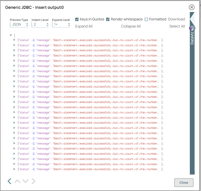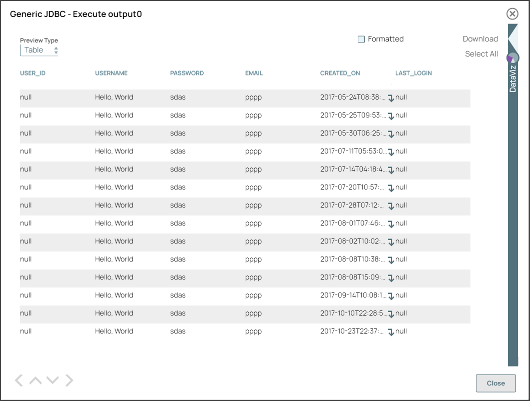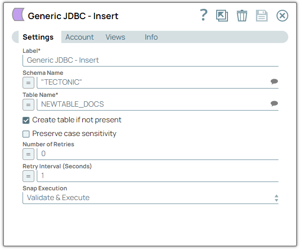 the NEWTABLE_DOCS table. On validation, the Snap displays the output with the
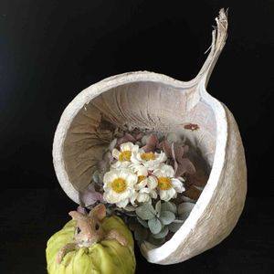 こんばんは!昨夜は大きな地震でしたね💦 恐い思いをされた事でしょう。。😞 しばらく心配ですね💦どうかご無事でお過ごしくださいませ💦🙇♀️ 最近また少しずつハンドメイドを始めまして、 今日はブッダナッツのアレンジを作りました🥜💕 以前レッスンの様子を見て、作ってみたかったのです✨ 拾ったシダーローズやソラフラワーなど使ってみました♪
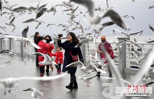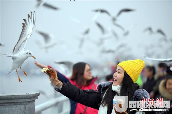 2月4日,一名女孩穿著厚厚的冬裝在昆明滇池邊給紅嘴鷗喂食。當(dāng)日,受較強冷空氣影響,“春城”昆明最低氣溫下降至-3℃。天氣雖然寒冷,卻抵擋不住市民和游客前來滇池觀賞、喂食越冬紅嘴鷗的熱情。中新社記者李進(jìn)紅攝
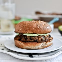 Easy Double Bean Burgers with Avocado Basil Cream.
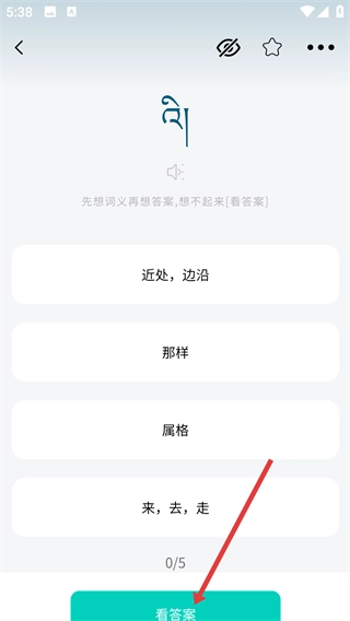 在学习答题的界面中,点击【看答案】按钮,就能查看题目对应的答案,从而开展藏语词汇的学习。
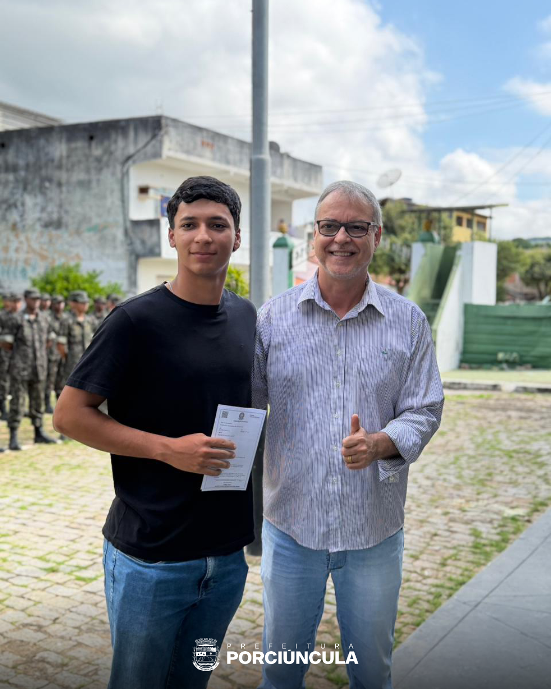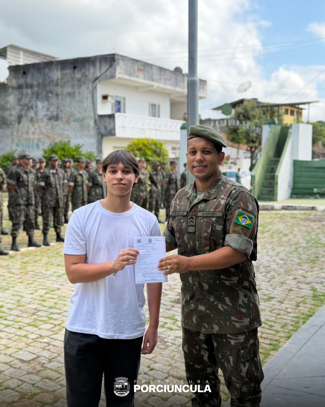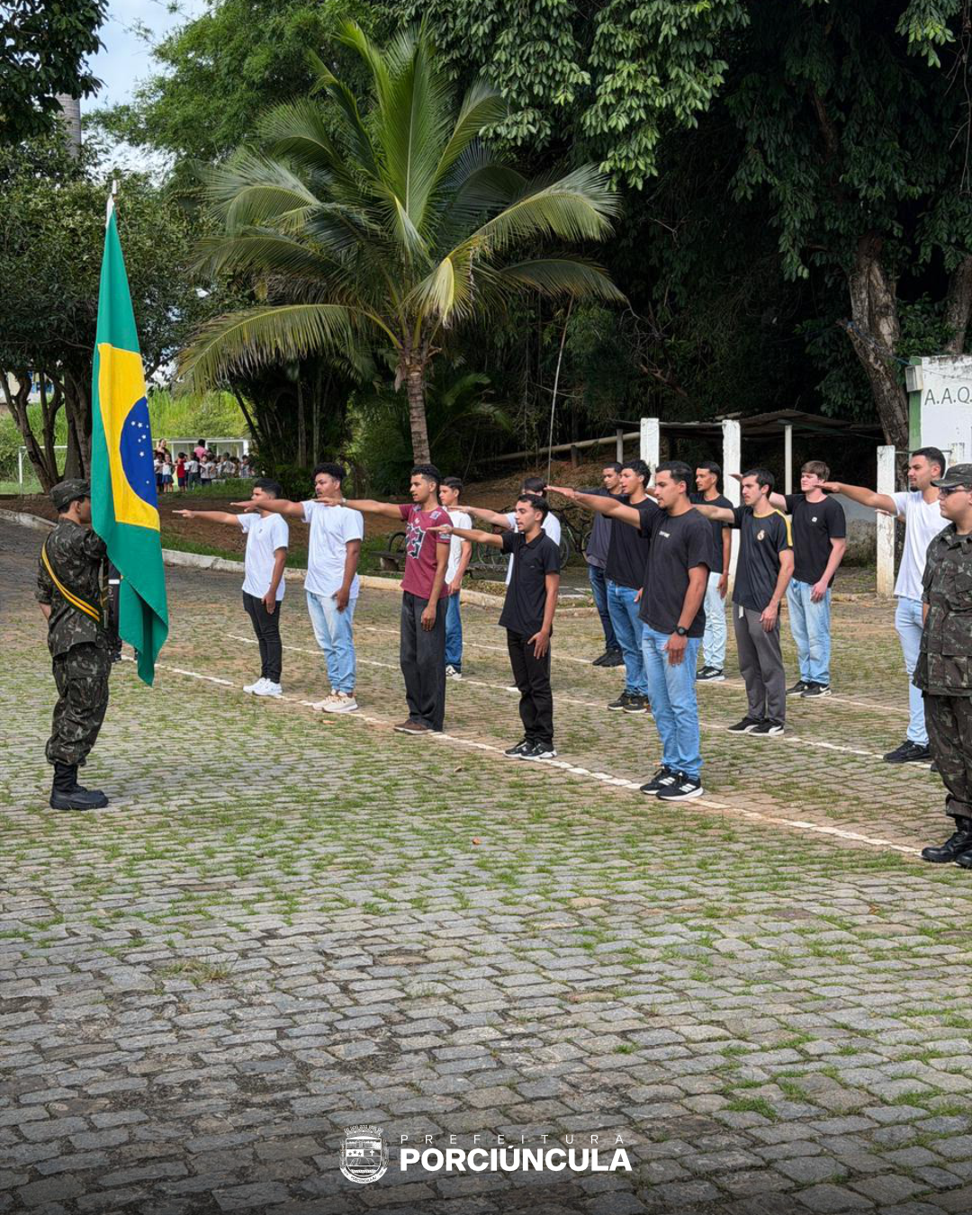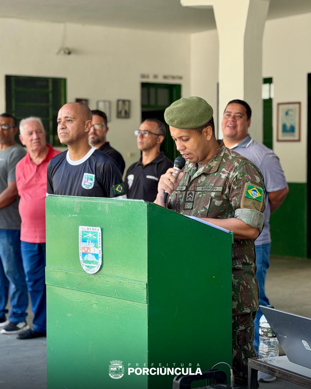 No dia 07 de abril, o Tiro de Guerra 01-014 de Porciúncula realizou uma importante solenidade de juramento à Bandeira Nacional pelos cidadãos dispensados do Serviço Militar inicial. O evento reuniu militares, civis e autoridades municipais, entre elas o prefeito Guilherme Fonseca, o presidente da Câmara dos Vereadores Saulo Calzolari e o sargento Danilo, que participaram da entrega dos certificados de dispensa.
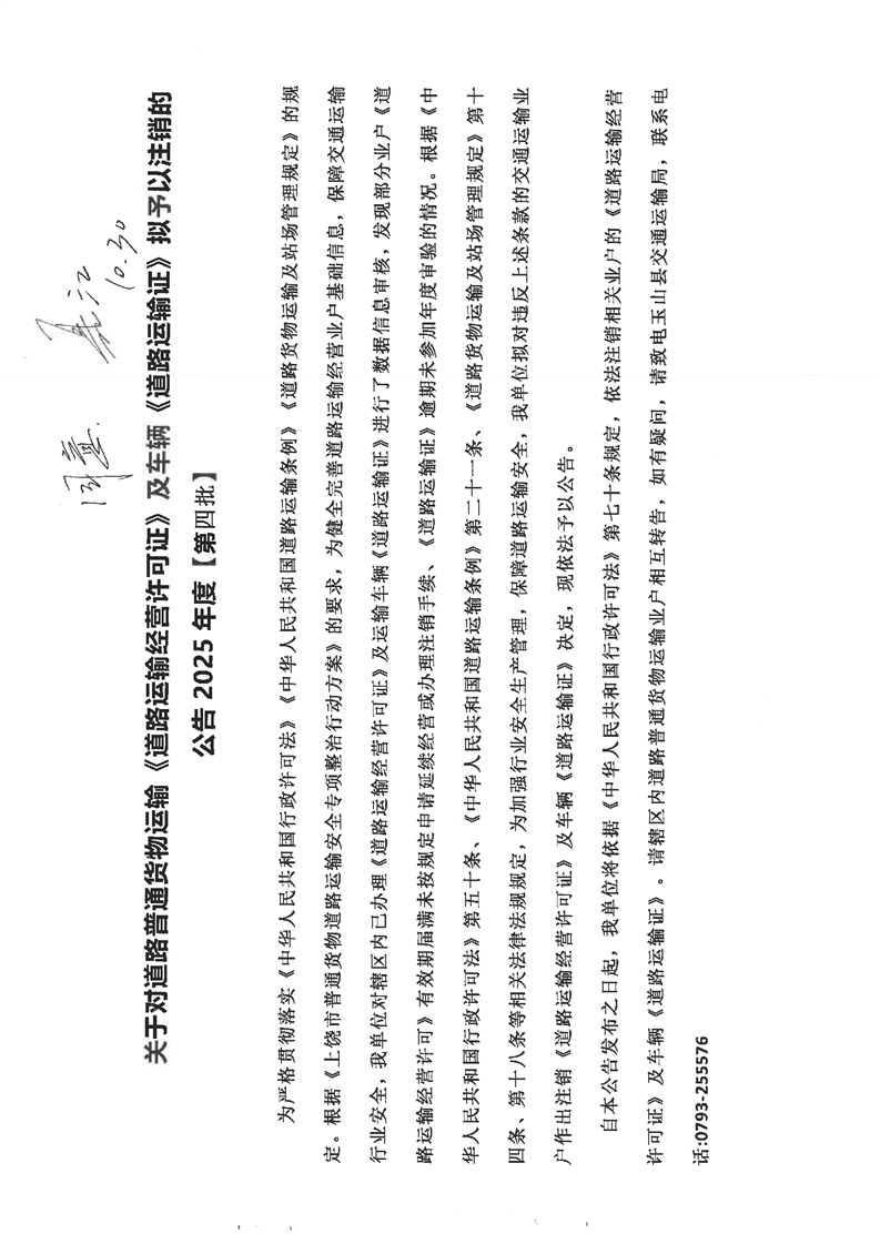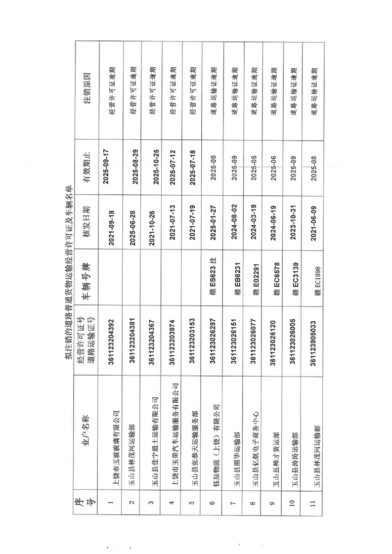 關于對道路普通貨物運輸《道路運輸經營許可證》及車輛《道路運輸證》擬予以注銷的公告2025年度【第四批】

=-=-=-=-=

● ASSIGNMENT: Every entry above is to be copied verbatim, with the pictures removed.

● RESULT OF THE TASK:
 the NEWTABLE_DOCS table. On validation, the Snap displays the output with the
 こんばんは!昨夜は大きな地震でしたね💦 恐い思いをされた事でしょう。。😞 しばらく心配ですね💦どうかご無事でお過ごしくださいませ💦🙇♀️ 最近また少しずつハンドメイドを始めまして、 今日はブッダナッツのアレンジを作りました🥜💕 以前レッスンの様子を見て、作ってみたかったのです✨ 拾ったシダーローズやソラフラワーなど使ってみました♪
 2月4日,一名女孩穿著厚厚的冬裝在昆明滇池邊給紅嘴鷗喂食。當(dāng)日,受較強冷空氣影響,“春城”昆明最低氣溫下降至-3℃。天氣雖然寒冷,卻抵擋不住市民和游客前來滇池觀賞、喂食越冬紅嘴鷗的熱情。中新社記者李進(jìn)紅攝
 Easy Double Bean Burgers with Avocado Basil Cream.
 在学习答题的界面中,点击【看答案】按钮,就能查看题目对应的答案,从而开展藏语词汇的学习。
 No dia 07 de abril, o Tiro de Guerra 01-014 de Porciúncula realizou uma importante solenidade de juramento à Bandeira Nacional pelos cidadãos dispensados do Serviço Militar inicial. O evento reuniu militares, civis e autoridades municipais, entre elas o prefeito Guilherme Fonseca, o presidente da Câmara dos Vereadores Saulo Calzolari e o sargento Danilo, que participaram da entrega dos certificados de dispensa.
 關于對道路普通貨物運輸《道路運輸經營許可證》及車輛《道路運輸證》擬予以注銷的公告2025年度【第四批】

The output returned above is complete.